- **WORK TO COMPLETE**: Go to the line below containing "У входа в здание" and print exactly from there through the line containing "Tg(hsp70:E2A-PBX1-EGFP) adult fish", both included. Print nothing else.

- **LISTED RECORDS**:
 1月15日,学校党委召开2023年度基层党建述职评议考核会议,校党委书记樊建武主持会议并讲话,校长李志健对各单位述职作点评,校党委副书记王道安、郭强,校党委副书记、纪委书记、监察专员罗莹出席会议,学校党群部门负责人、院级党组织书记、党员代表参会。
---
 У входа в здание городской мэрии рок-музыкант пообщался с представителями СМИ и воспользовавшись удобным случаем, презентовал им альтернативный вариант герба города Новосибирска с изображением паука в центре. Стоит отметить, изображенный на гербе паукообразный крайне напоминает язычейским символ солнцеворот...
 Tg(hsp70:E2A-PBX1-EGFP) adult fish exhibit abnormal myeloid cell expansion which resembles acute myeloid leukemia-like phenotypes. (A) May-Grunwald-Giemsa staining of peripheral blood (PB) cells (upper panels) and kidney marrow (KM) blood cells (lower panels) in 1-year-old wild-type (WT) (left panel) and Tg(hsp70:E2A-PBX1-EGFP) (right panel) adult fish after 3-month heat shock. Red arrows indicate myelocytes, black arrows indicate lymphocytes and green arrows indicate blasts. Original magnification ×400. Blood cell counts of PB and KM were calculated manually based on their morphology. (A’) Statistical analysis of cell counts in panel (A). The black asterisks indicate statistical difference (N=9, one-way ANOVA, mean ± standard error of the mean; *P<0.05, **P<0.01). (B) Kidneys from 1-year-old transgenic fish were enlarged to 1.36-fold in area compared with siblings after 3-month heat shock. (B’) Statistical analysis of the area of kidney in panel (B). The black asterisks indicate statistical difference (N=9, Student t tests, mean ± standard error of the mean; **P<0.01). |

- **ANSWER BELOW**:
 У входа в здание городской мэрии рок-музыкант пообщался с представителями СМИ и воспользовавшись удобным случаем, презентовал им альтернативный вариант герба города Новосибирска с изображением паука в центре. Стоит отметить, изображенный на гербе паукообразный крайне напоминает язычейским символ солнцеворот...
 Tg(hsp70:E2A-PBX1-EGFP) adult fish exhibit abnormal myeloid cell expansion which resembles acute myeloid leukemia-like phenotypes. (A) May-Grunwald-Giemsa staining of peripheral blood (PB) cells (upper panels) and kidney marrow (KM) blood cells (lower panels) in 1-year-old wild-type (WT) (left panel) and Tg(hsp70:E2A-PBX1-EGFP) (right panel) adult fish after 3-month heat shock. Red arrows indicate myelocytes, black arrows indicate lymphocytes and green arrows indicate blasts. Original magnification ×400. Blood cell counts of PB and KM were calculated manually based on their morphology. (A’) Statistical analysis of cell counts in panel (A). The black asterisks indicate statistical difference (N=9, one-way ANOVA, mean ± standard error of the mean; *P<0.05, **P<0.01). (B) Kidneys from 1-year-old transgenic fish were enlarged to 1.36-fold in area compared with siblings after 3-month heat shock. (B’) Statistical analysis of the area of kidney in panel (B). The black asterisks indicate statistical difference (N=9, Student t tests, mean ± standard error of the mean; **P<0.01). |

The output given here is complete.